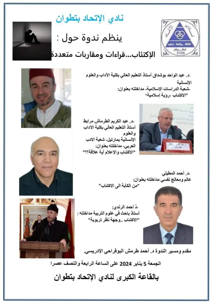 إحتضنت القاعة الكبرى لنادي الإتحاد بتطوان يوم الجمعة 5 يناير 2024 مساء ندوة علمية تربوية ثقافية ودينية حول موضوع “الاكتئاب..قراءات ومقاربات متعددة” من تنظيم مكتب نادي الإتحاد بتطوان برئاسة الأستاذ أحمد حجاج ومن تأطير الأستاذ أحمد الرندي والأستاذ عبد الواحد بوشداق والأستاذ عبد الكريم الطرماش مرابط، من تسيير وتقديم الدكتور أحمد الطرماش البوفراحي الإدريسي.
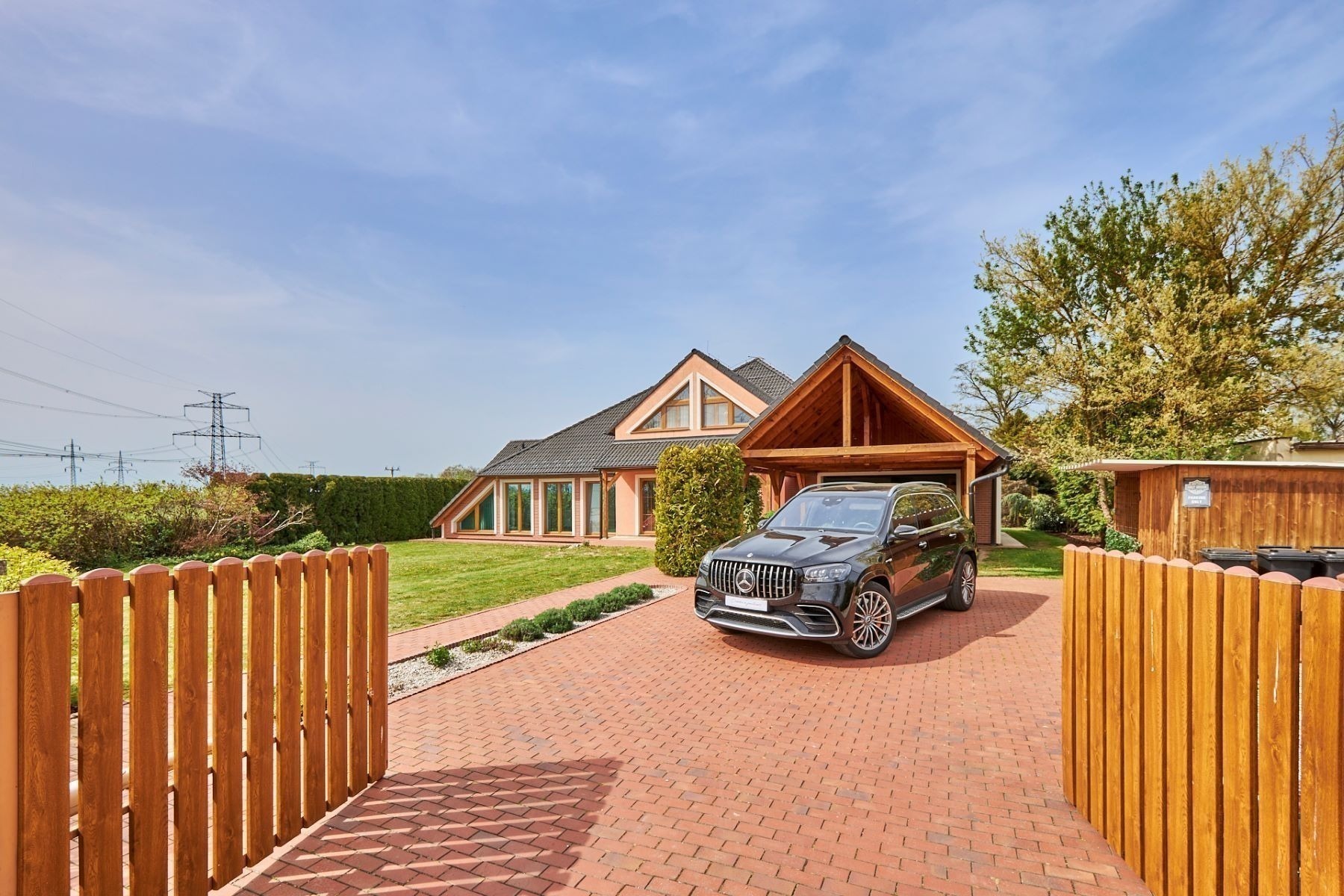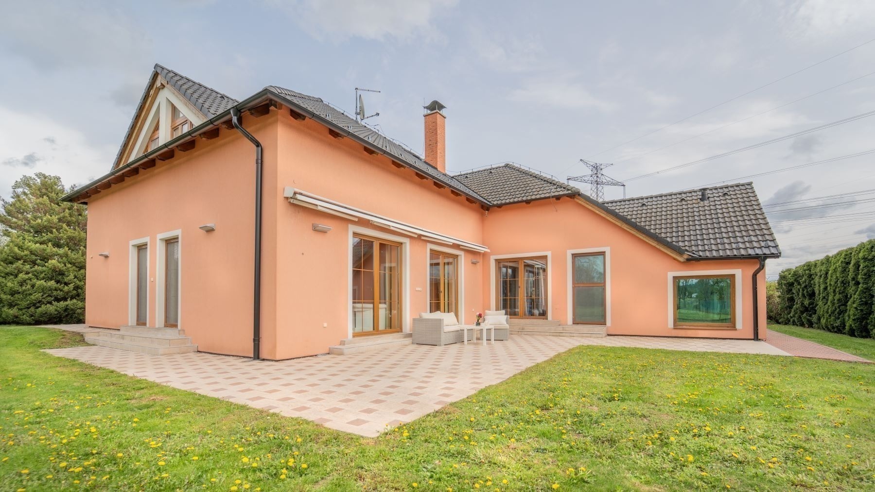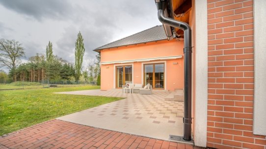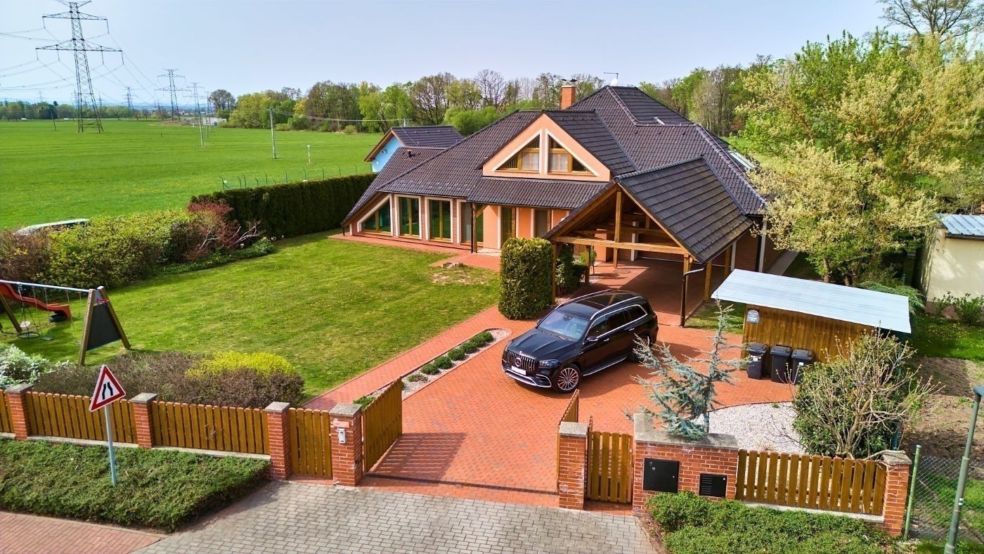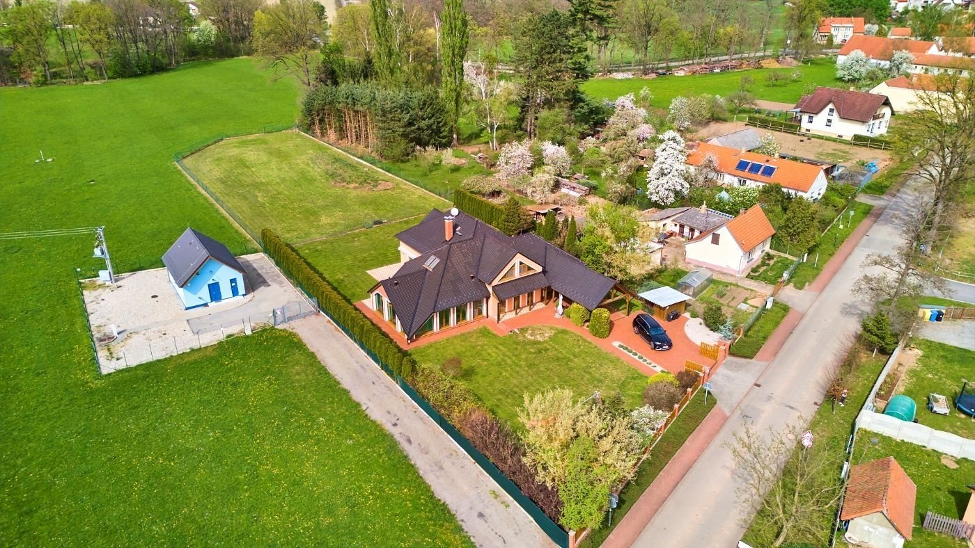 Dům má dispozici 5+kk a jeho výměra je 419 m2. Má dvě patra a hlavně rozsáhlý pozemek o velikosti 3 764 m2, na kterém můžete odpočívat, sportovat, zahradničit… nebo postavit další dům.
--
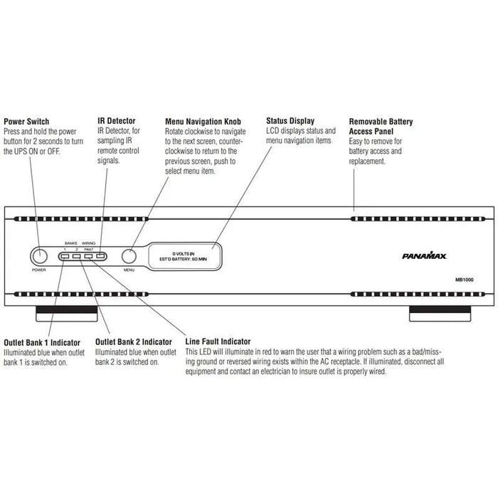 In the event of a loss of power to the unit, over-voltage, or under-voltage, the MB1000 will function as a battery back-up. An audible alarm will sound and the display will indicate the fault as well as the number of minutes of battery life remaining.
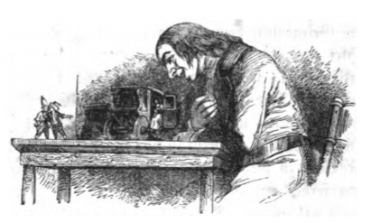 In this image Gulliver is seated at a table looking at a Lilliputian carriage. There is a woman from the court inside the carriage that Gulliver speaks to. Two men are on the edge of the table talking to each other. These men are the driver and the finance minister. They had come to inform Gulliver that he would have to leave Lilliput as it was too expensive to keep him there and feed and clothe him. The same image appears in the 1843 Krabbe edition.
--
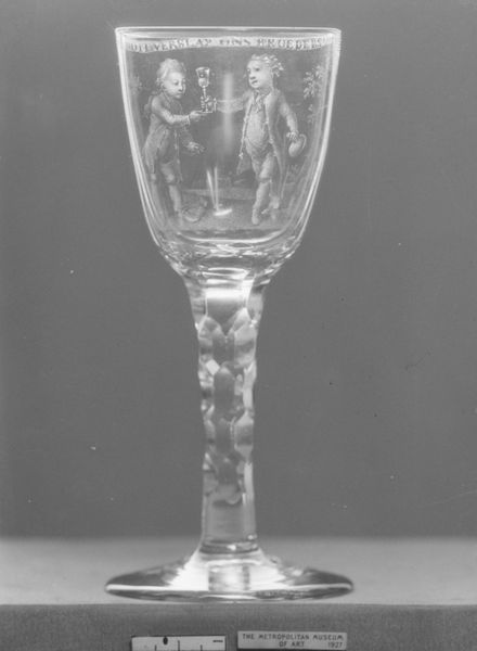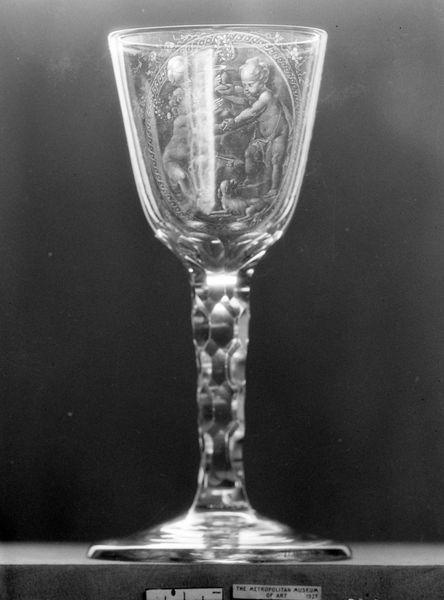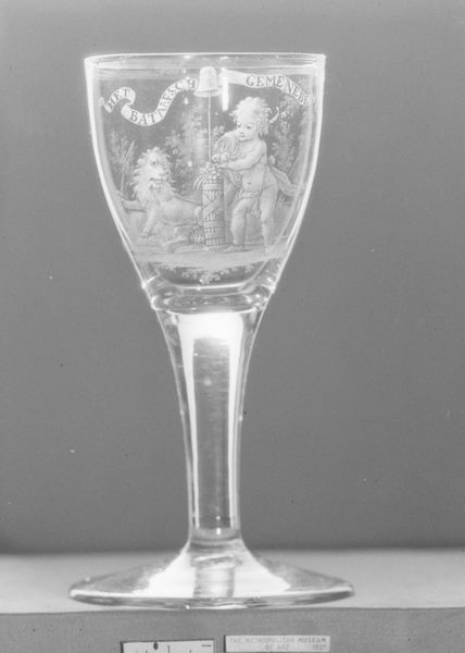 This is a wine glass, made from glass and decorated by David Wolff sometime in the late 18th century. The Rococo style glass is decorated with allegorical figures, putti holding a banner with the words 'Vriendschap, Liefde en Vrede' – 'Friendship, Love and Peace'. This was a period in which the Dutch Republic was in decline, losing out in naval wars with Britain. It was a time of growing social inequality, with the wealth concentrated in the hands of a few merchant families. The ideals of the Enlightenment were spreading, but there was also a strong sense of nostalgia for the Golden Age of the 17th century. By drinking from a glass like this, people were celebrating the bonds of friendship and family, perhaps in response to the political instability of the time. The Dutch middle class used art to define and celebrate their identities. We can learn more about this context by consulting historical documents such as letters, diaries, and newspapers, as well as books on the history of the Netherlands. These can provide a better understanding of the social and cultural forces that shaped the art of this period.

Exercise aim
From the records above, output only the lines starting at the one containing "إحتضنت القاعة الكبرى" and ending at the one containing "Dům má dispozici", word for word. Pictures stay out.

Result of this exercise
 إحتضنت القاعة الكبرى لنادي الإتحاد بتطوان يوم الجمعة 5 يناير 2024 مساء ندوة علمية تربوية ثقافية ودينية حول موضوع “الاكتئاب..قراءات ومقاربات متعددة” من تنظيم مكتب نادي الإتحاد بتطوان برئاسة الأستاذ أحمد حجاج ومن تأطير الأستاذ أحمد الرندي والأستاذ عبد الواحد بوشداق والأستاذ عبد الكريم الطرماش مرابط، من تسيير وتقديم الدكتور أحمد الطرماش البوفراحي الإدريسي.
 Dům má dispozici 5+kk a jeho výměra je 419 m2. Má dvě patra a hlavně rozsáhlý pozemek o velikosti 3 764 m2, na kterém můžete odpočívat, sportovat, zahradničit… nebo postavit další dům.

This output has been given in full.